American drag queen (born 1990)

Pearl, occasionally known as Pearl Liaison, is the stage name of American drag performer and record producer Matthew James Lent, who came to international attention on the seventh season of RuPaul's Drag Race, finishing joint runner-up.

==Early life==
Lent grew up in St. Petersburg, Florida with his mother and two sisters. He spent time drawing "rich old ladies with big diamond rings and furs" and female nudes, which eventually morphed into his drag persona. When first beginning her drag career, she was unable to afford anything besides "thrift store lingerie" and "cheap furs"; however, Pearl has stated that she cared more about her makeup and wigs than the quality of her outfits, and that the aesthetics of what she previously illustrated translated easier with her cheaper wardrobe than "fashionable garments".

==Drag career==
After moving to Chicago, Lent began performing in drag in 2012, alongside Kim Chi and Trixie Mattel, using the stage name Pearl. He first went out in public in drag while wearing a "she-devil" outfit for Halloween alongside Kim Chi. He has described Pearl's persona as a "Stepford wife robot bitch". Lent initially only planned to use drag as a hobby, but quickly began booking gigs at increasing frequency. He later moved to Brooklyn, New York.

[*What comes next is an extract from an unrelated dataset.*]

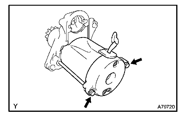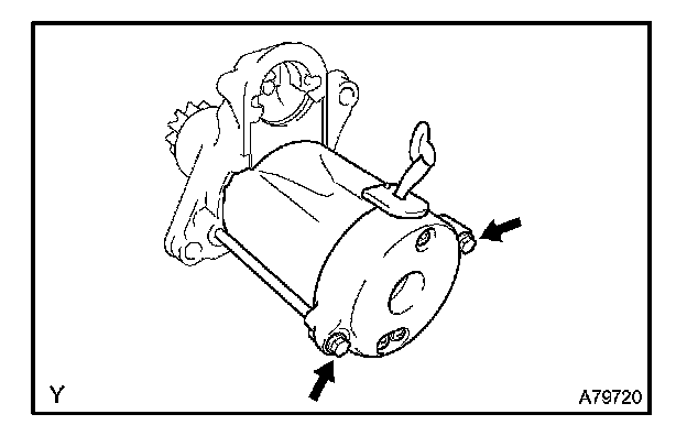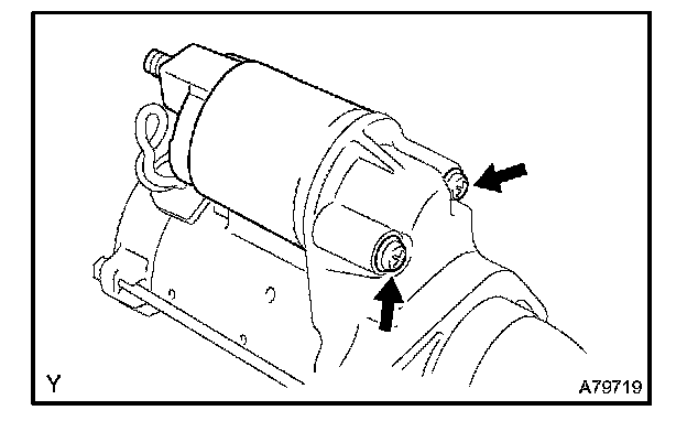 b. Remove the 2 screws holding the magnetic switch to the starter drive housing.

In December 2014, after a year and a half of performing in drag, Pearl was announced to be a participant on the seventh season of the Logo TV reality television series RuPaul's Drag Race. She had hired a friend of hers who had produced videos for other Drag Race queens, such as DiDa Ritz, to create her audition video, and received her acceptance call 3–4 weeks after moving to Brooklyn. Despite a slow start to the competition, Pearl rebounded to win two main challenges and eventually became a finalist alongside fellow competitors Ginger Minj and Violet Chachki. In the season finale, Violet Chachki was crowned the winner, leaving Pearl as the runner-up. After the series, Pearl claimed that her lack of enthusiasm towards the show while appearing on it was due to an early negative comment towards her by RuPaul which was off-camera : “Nothing you say matters unless that camera is rolling." As a result, she says she has not been invited back for an All Stars series.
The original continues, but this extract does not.